Go to the line holding "宝山寺红枫在蓝天的衬托下格外艳丽 新民晚报记者 刘歆 摄" in the data below and repeat it exactly, then each line after it up to and including the one holding "1958 Topps Baseball". Omit pictures.

Records provided
..............................
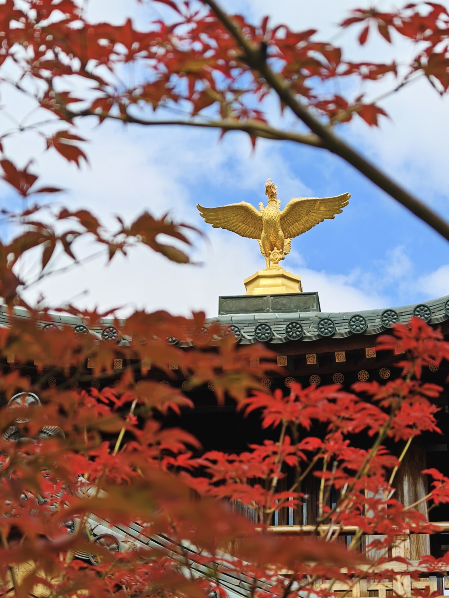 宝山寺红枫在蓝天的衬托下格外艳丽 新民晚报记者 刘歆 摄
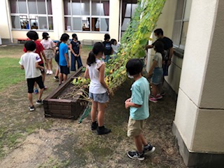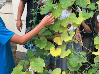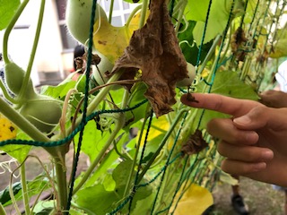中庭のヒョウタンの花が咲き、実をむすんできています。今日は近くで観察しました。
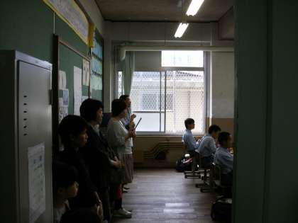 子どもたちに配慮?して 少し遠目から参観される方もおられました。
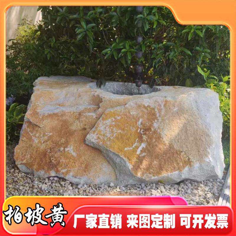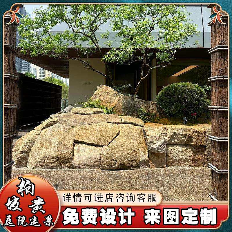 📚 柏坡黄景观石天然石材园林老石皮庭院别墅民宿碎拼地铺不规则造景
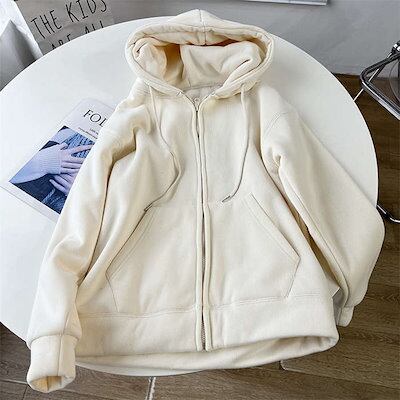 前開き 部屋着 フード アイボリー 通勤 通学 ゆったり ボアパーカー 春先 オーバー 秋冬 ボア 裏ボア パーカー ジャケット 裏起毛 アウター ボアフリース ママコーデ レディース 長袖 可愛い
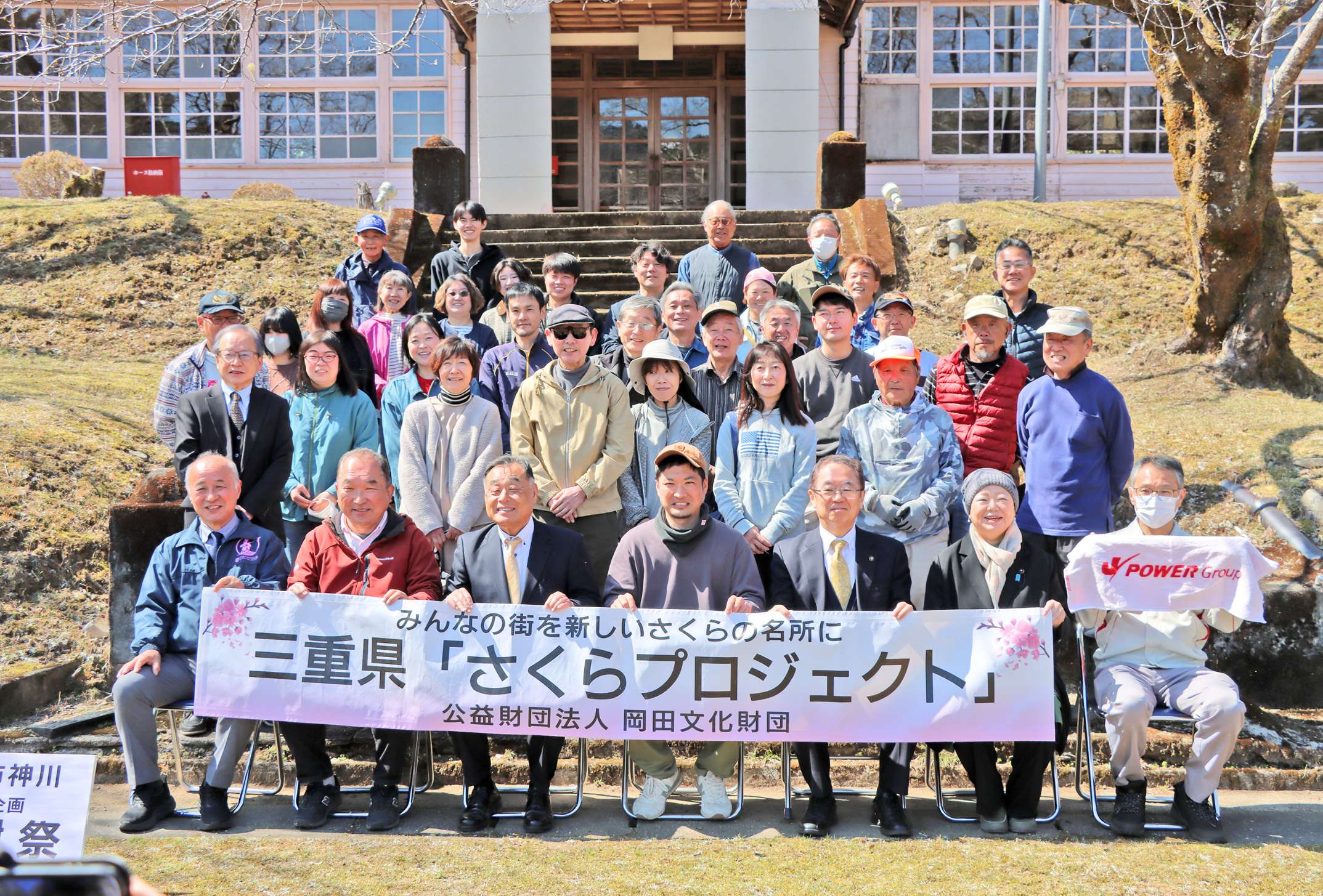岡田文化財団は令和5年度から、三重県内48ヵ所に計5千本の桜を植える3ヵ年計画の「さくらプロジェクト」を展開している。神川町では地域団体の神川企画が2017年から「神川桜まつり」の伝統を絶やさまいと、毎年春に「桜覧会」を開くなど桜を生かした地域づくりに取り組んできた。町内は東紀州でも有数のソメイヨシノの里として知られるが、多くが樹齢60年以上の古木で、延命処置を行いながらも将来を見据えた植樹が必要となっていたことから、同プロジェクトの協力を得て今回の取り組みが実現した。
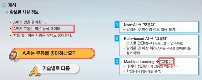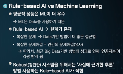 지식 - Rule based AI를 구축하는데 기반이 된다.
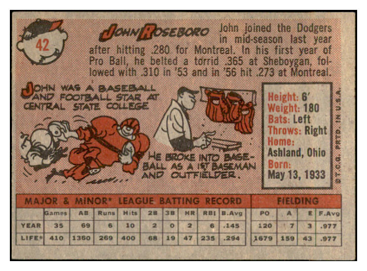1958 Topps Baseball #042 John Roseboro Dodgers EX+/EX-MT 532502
..............................
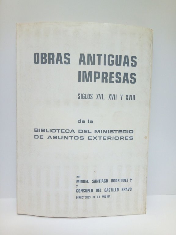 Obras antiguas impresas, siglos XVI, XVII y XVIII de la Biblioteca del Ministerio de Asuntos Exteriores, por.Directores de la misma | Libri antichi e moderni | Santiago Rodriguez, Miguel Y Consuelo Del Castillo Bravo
..............................
Exercise answer
 宝山寺红枫在蓝天的衬托下格外艳丽 新民晚报记者 刘歆 摄
中庭のヒョウタンの花が咲き、実をむすんできています。今日は近くで観察しました。
 子どもたちに配慮?して 少し遠目から参観される方もおられました。
 📚 柏坡黄景观石天然石材园林老石皮庭院别墅民宿碎拼地铺不规则造景
 前開き 部屋着 フード アイボリー 通勤 通学 ゆったり ボアパーカー 春先 オーバー 秋冬 ボア 裏ボア パーカー ジャケット 裏起毛 アウター ボアフリース ママコーデ レディース 長袖 可愛い
岡田文化財団は令和5年度から、三重県内48ヵ所に計5千本の桜を植える3ヵ年計画の「さくらプロジェクト」を展開している。神川町では地域団体の神川企画が2017年から「神川桜まつり」の伝統を絶やさまいと、毎年春に「桜覧会」を開くなど桜を生かした地域づくりに取り組んできた。町内は東紀州でも有数のソメイヨシノの里として知られるが、多くが樹齢60年以上の古木で、延命処置を行いながらも将来を見据えた植樹が必要となっていたことから、同プロジェクトの協力を得て今回の取り組みが実現した。
 지식 - Rule based AI를 구축하는데 기반이 된다.
1958 Topps Baseball #042 John Roseboro Dodgers EX+/EX-MT 532502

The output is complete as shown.